Я ведь у вас пяток лет на фабричке поработал в пимокатах. Одних штрафов, которые вы с меня брали, хватило бы, чтобы такую музыку купить.

- Не помню. Такого у себя не помню.

- А я лицом шибко с тех пор переменился, - сказал насмешливо Утев.

- То есть как?

- А вот так. Меня ваш племянничек в чан, где шерсть парилась, сунул за упрек, что глину велят замешивать в шерсть для солдатских валенок. Ну, шкура и облезла. А теперь новая выросла. И ухи новые. Тогда были бараньи, а теперь человечьи. Понятно?

Подперев могучим плечом рояль, рабочий отвернул ножку, передал ее Тиме.

- Хорошая работа! Гладкая. Ты ноги с него не как поленья клади, а, чтобы не побились, сеном проложи.

Рабочие бережно вынесли рояль на улицу и положили на розвальни. Парусиновый чехол от рояля Кобрин решительно отказался отдать. Смяв в охапку и прижимая его к груди, он заявил с отчаянием:

- Только через мой труп! - И поспешно добавил: - В ордере про чехол ничего не сказано. А вы, я знаю, на штаны себе изрежете.
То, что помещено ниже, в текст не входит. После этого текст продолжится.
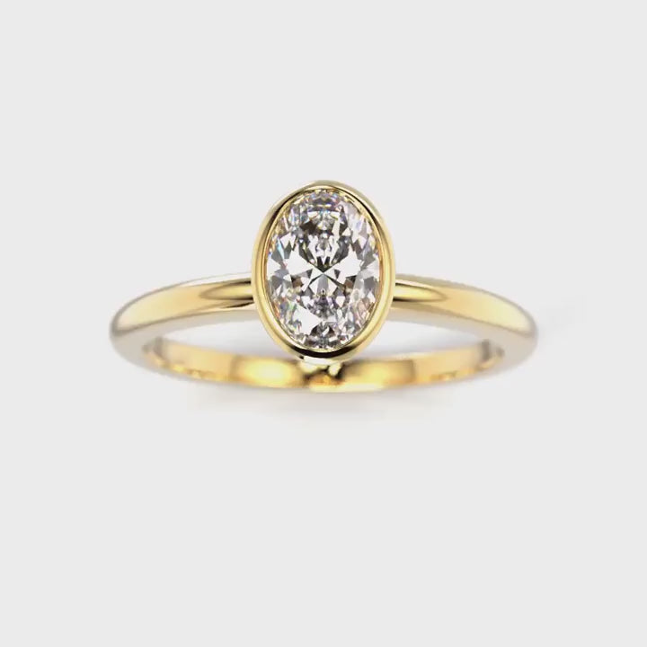 Trendikäs Aurea Bezel-sormus, jonka keskipisteenä loistaa ovaalihiottu timantti. Timantti on istutettu kauniisti ovaaliin Bezel kehään mitä korostaa sormuksen siro puolipyöreä runko.

- Эх ты, брюхоногая! - с сожалением сказал Утев и, сняв полушубок, накрыл им рояль, потом вопросительно посмотрел на рабочих. Те молча стали снимать с себя:



один - стеганую кацавейку, другой - поддевку, третий - татарский азям. - Ну, - приказал Утев Тиме, - поезжай потихоньку, да смотри полегче на ухабах: вещь нежная. А мы вперед рысью, не ровен час, прохватит морозец, и, низко натянув папаху, засунув руки в карманы штанов, зашагал по тротуару, не оглядываясь.

- Грабители! - крикнул с парадного крыльца Кобрин и с силой захлопнул за собой дверь.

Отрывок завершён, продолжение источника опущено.